Мангольф, против ожидания, прервал игру и обернулся. Юношеское лицо его было затуманено гнетущей скорбью.
— Клаус! Ты идешь к своей возлюбленной?
— Последуй моему примеру, Вольф, — и будь счастлив!
Взгляд Мангольфа дрогнул; ему было не по себе от чувства внутреннего торжества.
— Значит, ты собираешься бежать, Клаус? Ты, чего доброго, собираешься жениться на ней?
— Удивляйся сколько хочешь!
— Итак, вот тот случай, когда и ты приносишь в жертву разум, Клаус.
— С восторгом!
— Ради женщины? Ради лживого существа, расслабляющего нас? — спросил Мангольф со сладострастным торжеством. Никогда еще не любил он так сестру друга, как в этот миг. Очевидно, между их взаимной ненавистью и его любовью к сестре друга была роковая зависимость. Нехорошее чувство — сколько болезненного удовлетворения давало оно Мангольфу!
Терра стиснул пальцы и сказал вполголоса, твердо, на одной ноте:
— Я хочу для нее жить и умереть, трудиться и, если нужно, воровать. Для нее я мог бы стать карьеристом и шулером, но тогда она разлюбила бы меня. А ее любовь всегда будет для меня единственным знаком, что я не потерпел крушения, что я победил.
Мангольф слушал этот бред, эти прорицания.
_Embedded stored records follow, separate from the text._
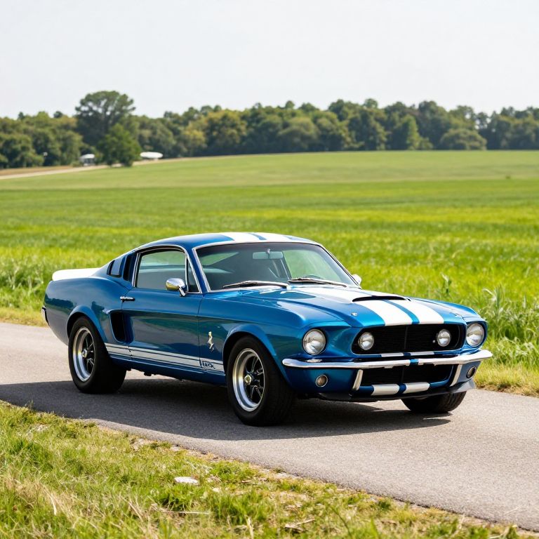 Photograph of a vibrant blue classic Ford Mustang convertible with black racing stripes, parked on a rural road with lush green fields and trees in the background.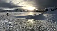 Étang de la Vigie gelé sur l'île de Saint-Pierre, à Saint-Pierre-et-Miquelon. janvier 2016.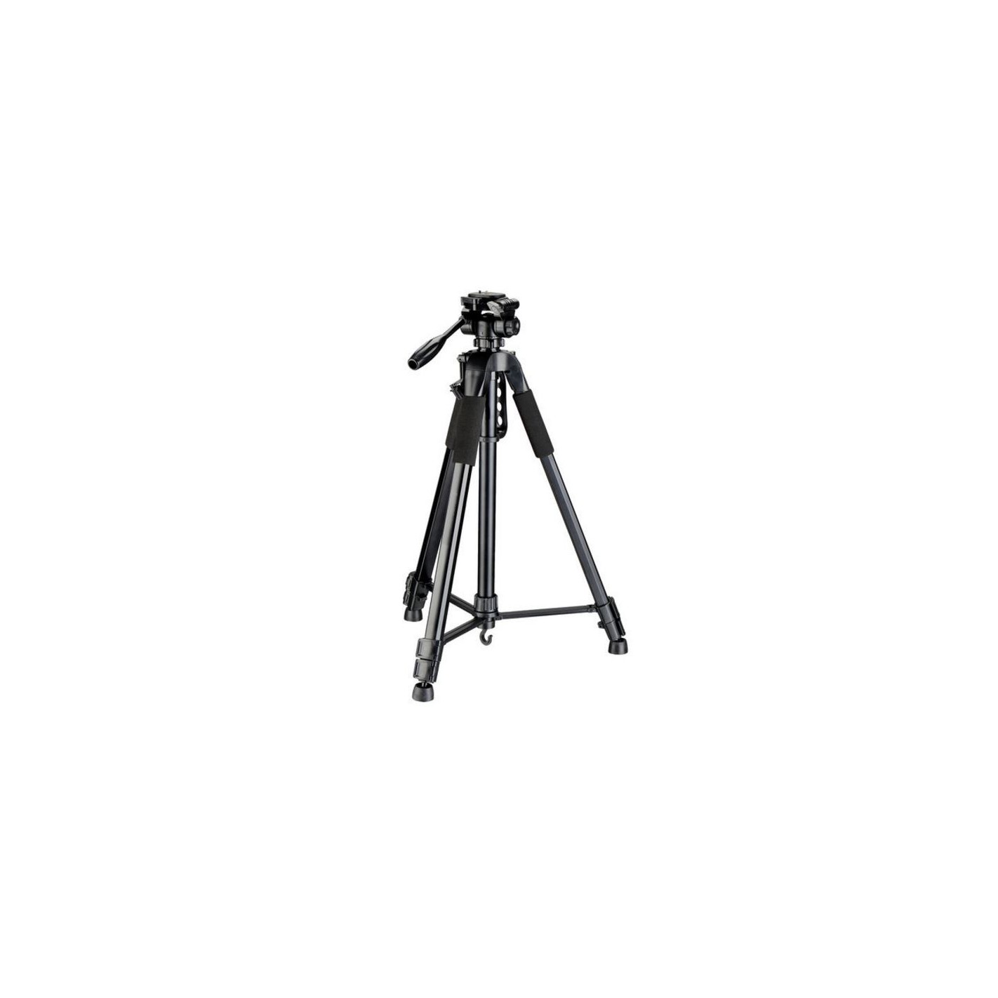 A cabeça panorâmica de 3 vias facilita a orientação precisa da sua câmara ou mira, perfeita para fotografias panorâmicas, gravação de vídeo ou observação da natureza. O nível de bolha de ar incorporado ajuda-o a posicionar o tripé de forma nivelada, mesmo em terrenos irregulares.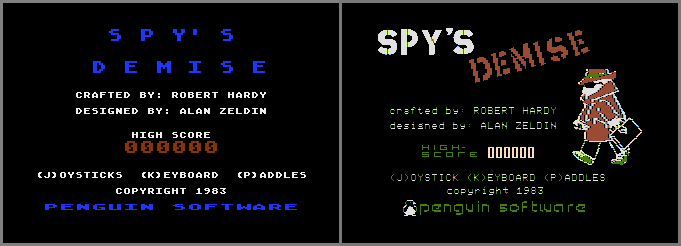 • HIDDEN MESSAGE: A secret encoded message appears on the screen after completing a level. Every completed level adds a new line of code, of which there are 9 total (picture #1). After completing 9 levels, the game ends. This was part of a contest by Penguin, and whoever solved it earned themselves a free Spy’s Demise T-shirt. From the manual: “If you think you have solved the puzzle, you will know what to do next. You’ll then be asked to submit a dossier consisting of your name, address, and the score achieved when the end of the puzzle was reached. For those who think that the secret may be found in the program code, sorry, you’ll be doomed.” DP’s own Kristine Roper solved the puzzle, which turned out to be a simple cryptograph: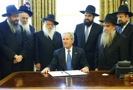 George W. Bush bersama Yahudi (“Kami, orang-orang Yahudi, mengontrol Amerika, dan orang-orang Amerika mengetahui hal itu – Perdana Mentri Israel, Ariel Sharon, 3 Oktober 2001) *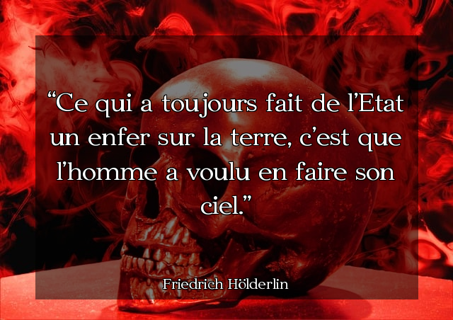 Ce qui a toujours fait de l'Etat un enfer sur la terre, c'est que l'homme a voulu en faire son ciel.
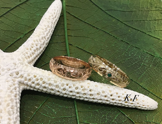 14K YellowGold&PinkGold 5mm幅 M-110 ダイヤモンドエッジ マリッジリング エメラルド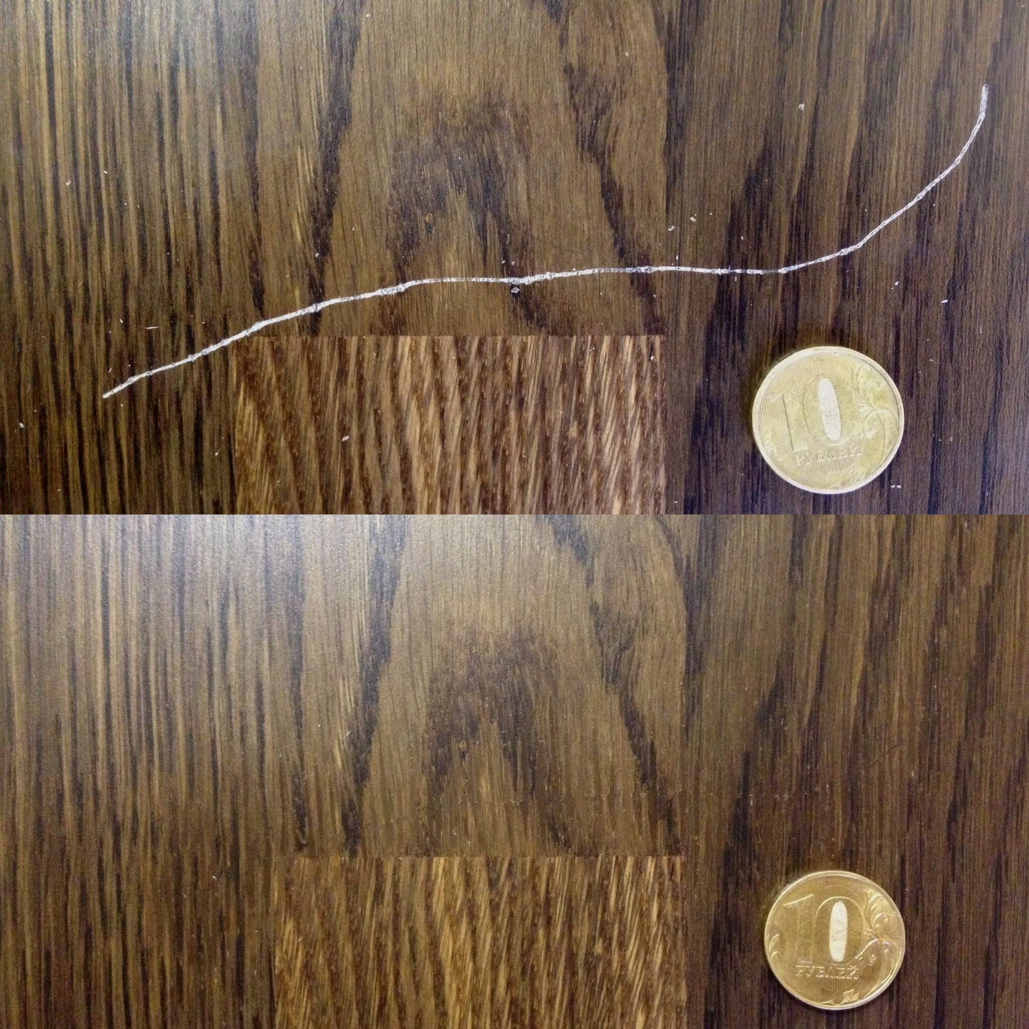 Le crayon de cire est plus résistant à l'humidité et vous permet de vous débarrasser des dommages profonds. Bien sûr, en y regardant de plus près, la rayure sera visible, mais de loin, elle n'est pas visible et presque imperceptible.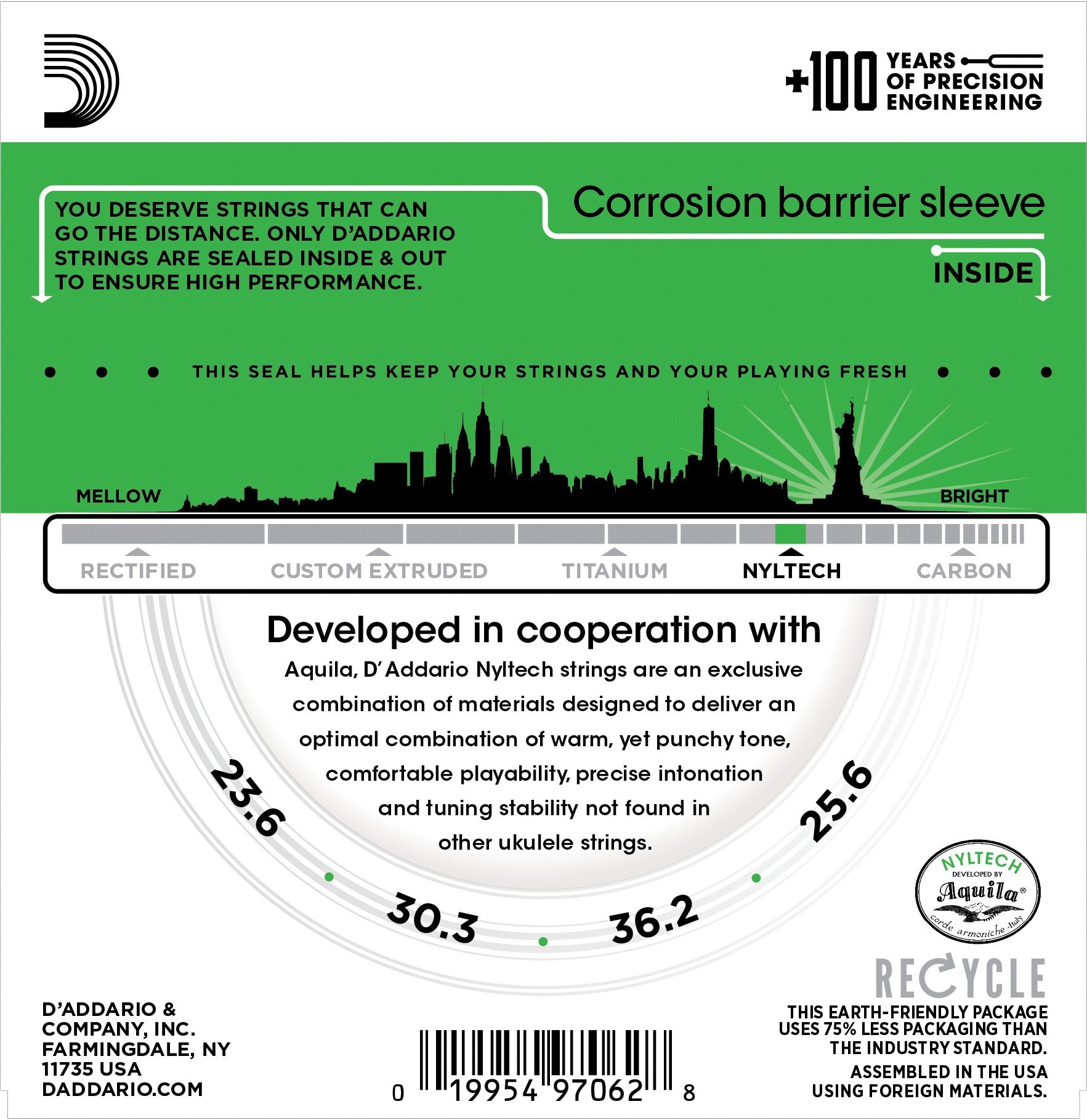 Developed in cooperation with Aquila, D'Addario Nyltech strings are an exclusive combination of materials designed to deliver an optimal combination of warm, yet punchy tone, comfortable playability, precise intonation and tuning stability not found in other ukulele strings.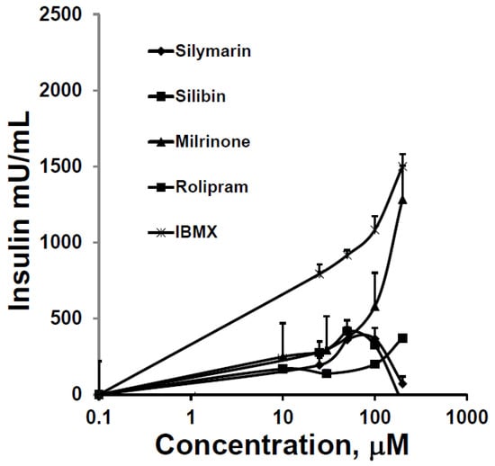 SIL and silibin stimulatory effects on GSIS were quantitatively similar to each other, greater than that of rolipram, and substantially less than that of milrinone and IBMX (Figure 5).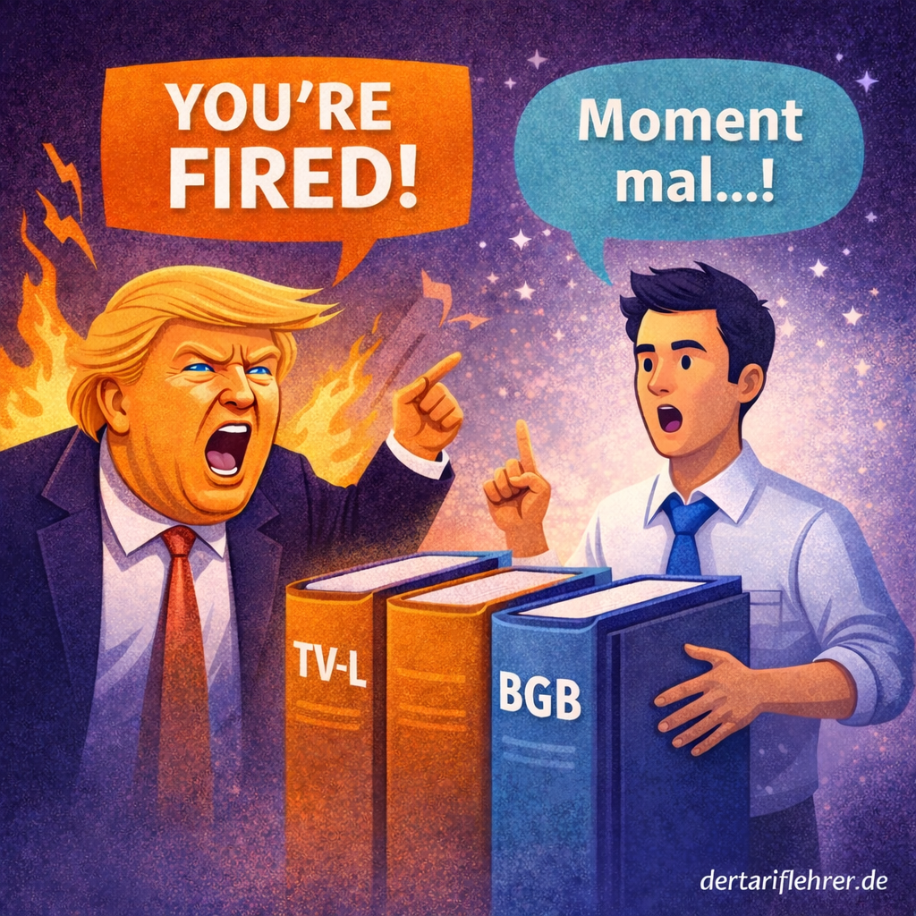 Zum Glück ist es in Deutschland nicht ganz so wie bei The Apprentice im US-Fernsehen, wo der narzisstische Boss aufschreit: „You’re fired“, und man danach seine sieben Sachen enttäuscht in einen Karton packt und stante pede den Arbeitsplatz verlässt. Es ist etwas komplizierter – und daher schon mal die Vorwarnung eines heute etwas längeren Eintrags.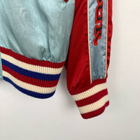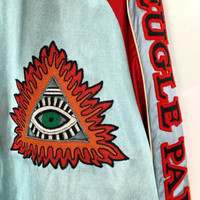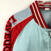 This satin bomber jacket features intricate embroidery, including an eye symbol and floral design, with bold red and blue accents for standout style. • Satin fabric construction • Zipper front closure • Ribbed collar, cuffs, and hem • Side pockets for functionality • Intricate embroidered details • Made in Italy 015811 Size: Womens 48 Condition: Pre-Owned Like New
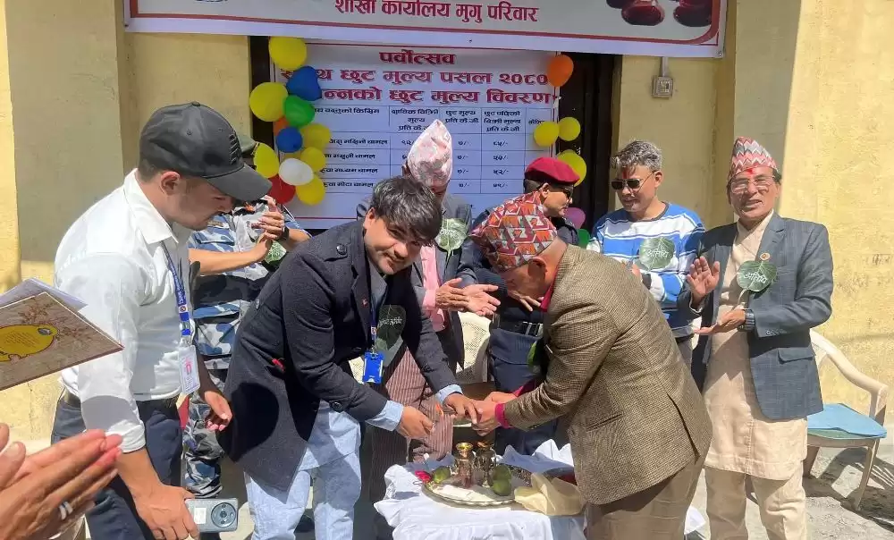 मुगु । खाद्य व्यवस्था तथा व्यापार कम्पनी लिमिटेड मुगुले सुपथ छुट मूल्यमा चामल तथा दाल बिक्री गर्न सुरु गरेको छ । नेपालीहरुको चाड दशैं, तिहार र छड पर्वलाई लक्षित गर्दै खाद्य कम्पनी मुगुले आइतबारदेखि चामलमा प्रतिकिलो ७ रुपयाँका दरले छुट दिई बिक्री गर्न सुरु गरेको हो । जिल्ला समन्वय समितिका प्रमुख मञ्जनबहादुर कार्कीले सुपथ मुल्य पसलको उद्घाटन गर्दै छुट मूल्यमा चामल तथा दाल बिक्री गर्न सुरु गरिएको हो ।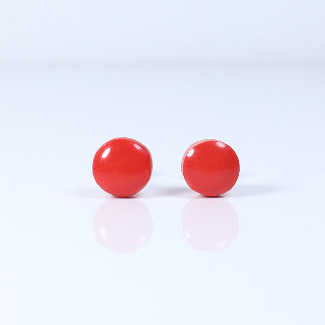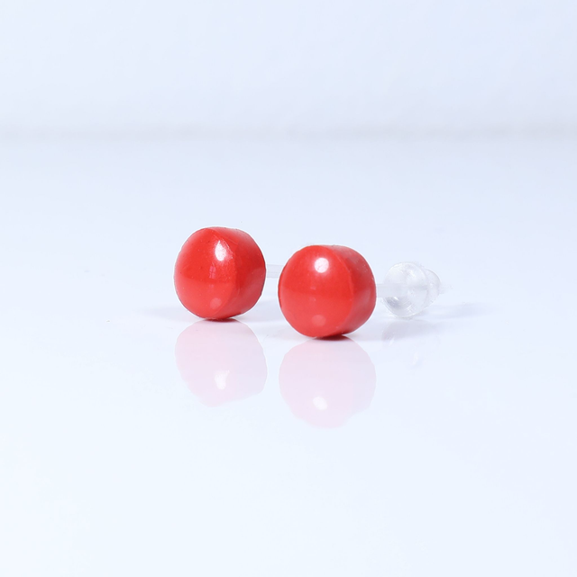 Hypoallergenic 6mm Medium Solid Red Round Cut Polymer Clay Plastic Back Stud Earrings With Designer Carbon Fiber Jewellery Box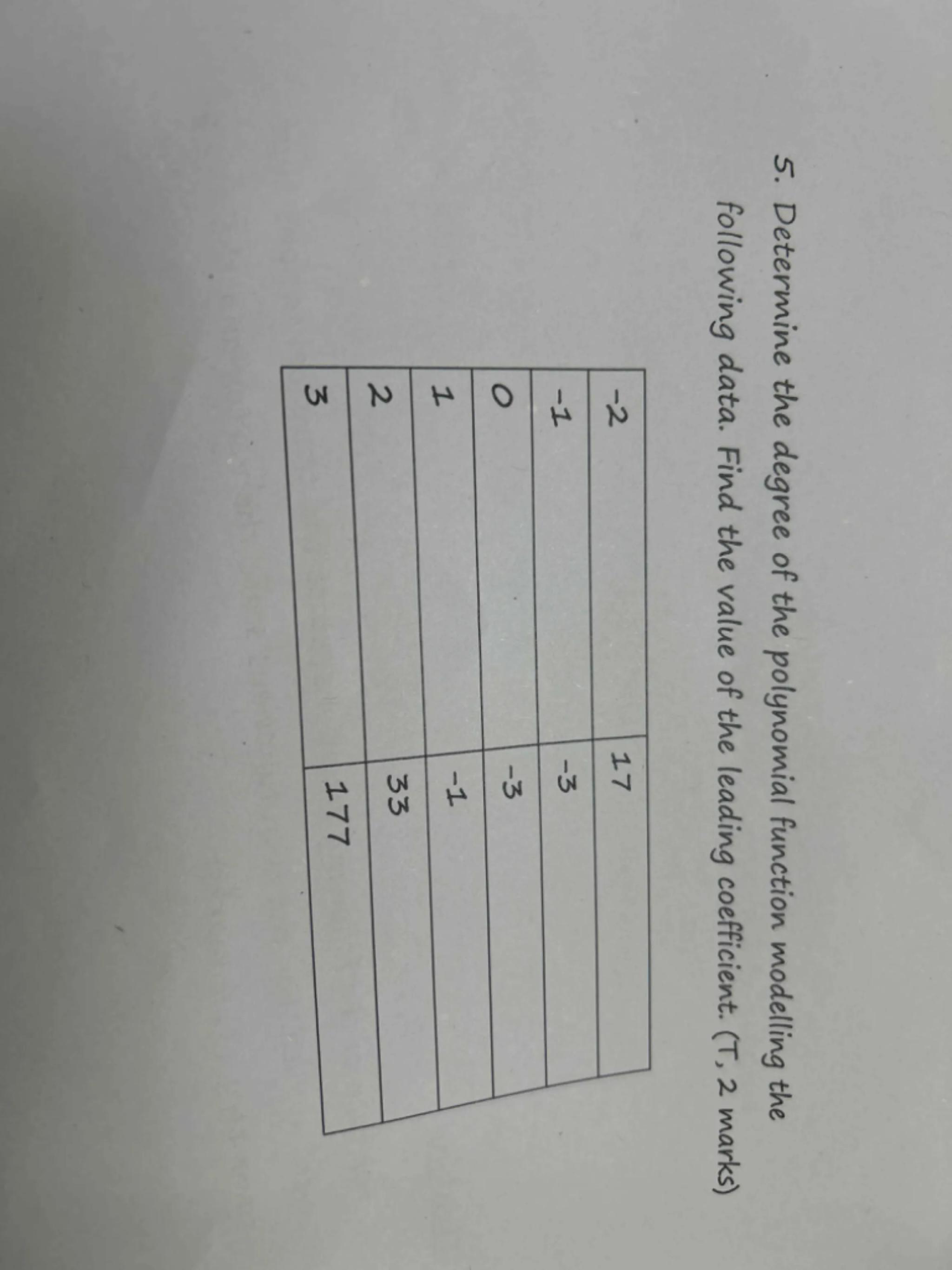 5. Determine the degree of the polynomial function modelling the following data. Find the value of the leading coefficient. (  marks)

Сам он сегодня говорил те же слова для успокоения женщины. Другу же они нужны были для самоуспокоения. Мангольф сказал серьезно:
— Я мог бы презирать тебя. Но я предпочитаю преклоняться перед тобой.
— Ибо ты мне друг, — ответил Терра и, прежде чем уйти, крепко пожал руку Мангольфа.
Он пошел домой; все, по-видимому, уже спали; забрав самое необходимое, спустился в сад. Он не оглянулся: родительский дом должен быть вычеркнут из памяти. Через калитку он выскользнул на поляну, оттуда на берег реки, сел в лодку и начал грести. Он рассчитывал проплыть часа два в беззвездной темноте, с непокрытой головой, обвеваемой ветром с моря. Вместо этого он едва не въехал около устья реки в целый караван барж. Голос, окликнувший его, был как будто знаком. Потом засветился фонарь.
— Шлютер?
— Молодой хозяин! Может быть, мне повернуть назад?
— Куда это вы едете?
— А вы? — недоверчиво спросил Шлютер.
— Я сейчас взберусь к вам. — Очутившись наверху: — Отец отсылает вас? Из-за консула Эрмелина? Выкладывайте все! — Он оглядел баржи: — Зерно?
— Из-за зерна я и еду, — подтвердил Шлютер. — А также из-за господина консула, чтобы он был избран в рейхстаг. Кстати, мы хотим поскорее сбыть с рук зерно, цена на него слишком дешевая.